IAG forecasts lower GWP growth and margins for 2020May 4 2020 by InsuranceAsia News Staff
Leading Australian player IAG will retain its fiscal year 2020 (FY20) market guidance – forecasting low, single-digit growth of gross written premium (GWP) and estimated margins between 12.5% to 14.5%.
Unsurprisingly, IAG reiterated that the period will be impacted by “Covid-19 related challenges, surrounding economic conditions and the direction of investment markets,” according to an official statement.
By the end of April, investment income on shareholders’ funds saw a financial year-to-date hit of A$280 million (US$178.8 million) pre-tax, due to “severe corrections witnessed in the second half of the financial year in equity and credit markets.”
At December 31, 49% of shareholders’ funds were allocated towards growth assets of equities and alternative asset classes – by April 30, this had been reduced to under 30%. IAG attributed this decline to falling equity markets; mark-to-market impacts in alternative asset classes; fund reallocation to fixed interest and cash; and sale proceeds from its stake in SBI General having been placed into conservative fixed interest and cash assets.

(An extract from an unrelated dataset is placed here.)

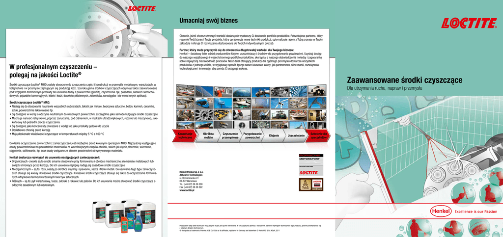 Umacniaj swój biznes Obecnie, jeżeli chcesz stworzyć wartość dodaną nie wystarczy Ci doskonałe portfolio produktów. Potrzebujesz partnera, który rozumie Twój biznes i Twoje produkty, który opracowuje nowe techniki produkcji, optymalizuje razem z Tobą procesy w Twoim zakładzie i oferuje Ci rozwiązania dostosowane do Twoich indywidualnych potrzeb. W profesjonalnym czyszczeniu – polegaj na jakości Loctite® Partner, który może przyczynić się do stworzenia długotrwałej wartości dla Twojego biznesu: Henkel – światowy lider wśród producentów klejów, uszczelniaczy i środków do przygotowania powierzchni. Uzyskaj dostęp do naszego wyjątkowego i wszechstronnego portfolio produktów, skorzystaj z naszego doświadczenia i wiedzy i z agwarantuj sobie najwyższą niezawodność procesów. Nasz dział oferujący produkty dla ogólnego przemysłu dostarcza wszystkich produktów z jednego źródła, w wyjątkowy sposób łącząc nasze kluczowe zalety, jak partnerstwo, silne marki, rozwiązania technologiczne i innowację, aby pomóc Ci osiągnąć sukces. Zaawansowane środki czyszczące Środki czyszczące Loctite® MRO zostały stworzone do czyszczenia części i konstrukcji w przemyśle metalowym, warsztatach, w kolejnictwie i w przemyśle zajmującym się produkcją łodzi. Szeroka gama środków czyszczących obejmuje także zaawansowane pod względem technicznym produkty do usuwania farby z powierzchni (graffiti), czyszczenia rąk, posadzek, nadwozi samochodowych, pojazdów komercyjnych, łódek i łodzi, daszków płóciennych, zbiorników, rurociągów i do wielu innych aplikacji. Środki czyszczące Loctite® MRO: •Nadają się do stosowania na prawie wszystkich substratach, takich jak metale, tworzywa sztuczne, beton, kamień, ceramika, szkło, powierzchnie lakierowane itp. •Są dostępne w wersji o odczynie neutralnym do wrażliwych powierzchni, szczególnie jako samodemulgujące środki czyszczące •Można je nanosić natryskowo, poprzez zanurzanie, pod ciśnieniem, w myjkach ultradźwiękowych, ręcznie lub maszynowo, jako końcowy lub pośredni proces czyszczenia •Są dostępne jako koncentraty (mieszane z wodą) lub jako produkty gotowe do użycia •Dodatkowo chronią przed korozją •Mają doskonałe właściwości czyszczące w temperaturach między 5 °C a 100 °C Dla utrzymania ruchu, napraw i przemysłu Konsultacje techniczne Obróbka metalu Czyszczenie przemysłowe Przygotowanie powerzchni Klejenie Uszczelnianie Szkolenie dla specjalistów Dokładne oczyszczenie powierzchni z zanieczyszczeń jest niezbędne przed kolejnymi operacjami MRO. Najczęściej występujące osady powierzchniowe to pozostałości materiałów ze wcześniejszych etapów obróbki, takich jak cięcie, tłoczenie, wiercenie, ciągnienie, szlifowanie, itp. oraz osady związane ze stanem powierzchni otrzymywanego materiału. Henkel dostarcza rozwiązań do usuwania następujących zanieczyszczeń: •Organicznych -zwykle są to środki smarne stosowane przy formowaniu i obróbce mechanicznej elementów metalowych lub związki chroniące przed korozją. Do ich usuwania najlepiej nadają się zasadowe środki czyszczące •Nieorganicznych – są to: rdza, osady po obróbce cieplnej i spawaniu, sadza i tlenki metali. Do usuwania tego typu zanieczyszczeń stosuje się kwasy i kwasowe środki czyszczące. Kwasowe środki czyszczące stosuje się także do oczyszczania formowanych wtryskowo termoutwardzalnych tworzyw sztucznych. •Różnych – są to: pył warsztatowy, tusze, odciski z rekawic lub palców. Do ich usuwania można stosować środki czyszczące o odczynie zasadowym lub neutralnym. Henkel Polska Sp. z o.o. Adhesive Technologies ul. Domaniewska 41 02-672 Warszawa Tel.: (+48 22) 56 56 200 Fax: (+48 22) 56 56 222 www.loctite.pl Przytoczone tutaj dane techniczne mają jedynie służyć jako punkt odniesienia. W celu uzyskania pomocy i wskazówek odnośnie wymogów technicznych tego produktu, prosimy skontaktować się z lokalnym działem technicznym. ® designates a trademark of Henkel AG & Co. KGaA or its affiliates, registered in Germany and elsewhere © Henkel AG & Co. KGaA, 2011 Właściwe rozwiązanie Do każdej aplikacji Czyszczenie części mechanicznych w warsztatach naprawczych Loctite® 7012 Czyszczenie podłóg Loctite® 7860 Środek czyszczący do aplikacji zanurzeniowych • Środek czyszczący i odtłuszczający ogólnego zastosowania do usuwania silnych zanieczyszczeń • Do czyszczenia wszystkich mechanicznych części z użyciem sprzętu wysokociśnieniowego lub bez niego • Zalecany także do tworzyw sztucznych, gum i powierzchni lakierowanych • Doskonała penetracja zanieczyszczeń i łatwe rozpuszczanie smarów • Może być nanoszony poprzez rozpylanie, zanurzanie lub ręcznie • Nie zawiera rozpuszczalników Temperatura pracy: Temperatura pokojowa do 50 °C Stężenie podczas aplikacji: 10 do 500 g/l Może być nakładany przy pomocy ściereczki lub szczotki, metodą natryskową przy użyciu generatora piany lub poprzez zanurzanie w temperaturze pokojowej. Stężenie: metoda ręczna 2 do 10%), przy użyciu szczotki (2 do 5%), przy użyciu sprzętu wysokociśnieniowego (1 do 2% W dyszy), przy użyciu generatora piany (20 do 50%), metodą zanurzeniową (10 do 20%), przy użyciu stołu do mycia (10 do 30%). Loctite® 7861 Loctite® 7013 stosuje się w formie nierozcieńczonej. Należy nakładać wystarczającą ilość produktu przy pomocy szczotki lub prysznica ręcznego. Może być nakładany przy użyciu sprzętu wysokociśnieniowego w temp. do 100 °C. Może być dozowany jako koncentrat lub jako 10% roztwór wstępny. Stężenie robocze: 5 do 20%. Temperatura pracy: Temperatura pokojowa Stężenie podczas aplikacji: gotowy do użycia Można nakładać przy pomocy urządzeń natryskujących. Stężenie robocze: 2 do 6%. Czas aplikacji zależy od celu użycia: 1 do 5 min w przypadku odtłuszczania i 10 do 15 min w przypadku odnawiania.
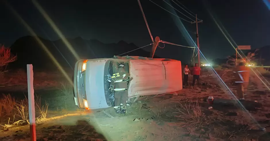 HERMOSILLO.- Una persona con lesiones y daños materiales cuantiosos dejó un accidente vial tipo choque volcadura, ocurrido la tarde del sábado en la Carretera 100 que conduce a la comisaría Miguel Alemán y a Bahía de Kino

Taking into account its forecasted profits for FY20 and year-to-date investment income, and applying its payout policy, the insurer has noted a “presently limited scope to pay a final dividend in September 2020.” The insurer paid a ten cent interim dividend in March this year.
The board will approve any final dividends in August “in line with its normal timetable.”
In its March 30 business update, the insurer’s technical reserves suffered an unrealised loss of A$100 million (US$61.5 million) because of the recent widening in credit spreads, which was not included in margin guidance.
The Sydney-headquartered firm is also in search of a new chief executive to fill Peter Harmer’s role, as he is due to step down at the end of the year; and in the process of adding a supplementary workforce of 400 to service policyholders’ needs during Covid-19 – as it struggles with its outsourcing chain.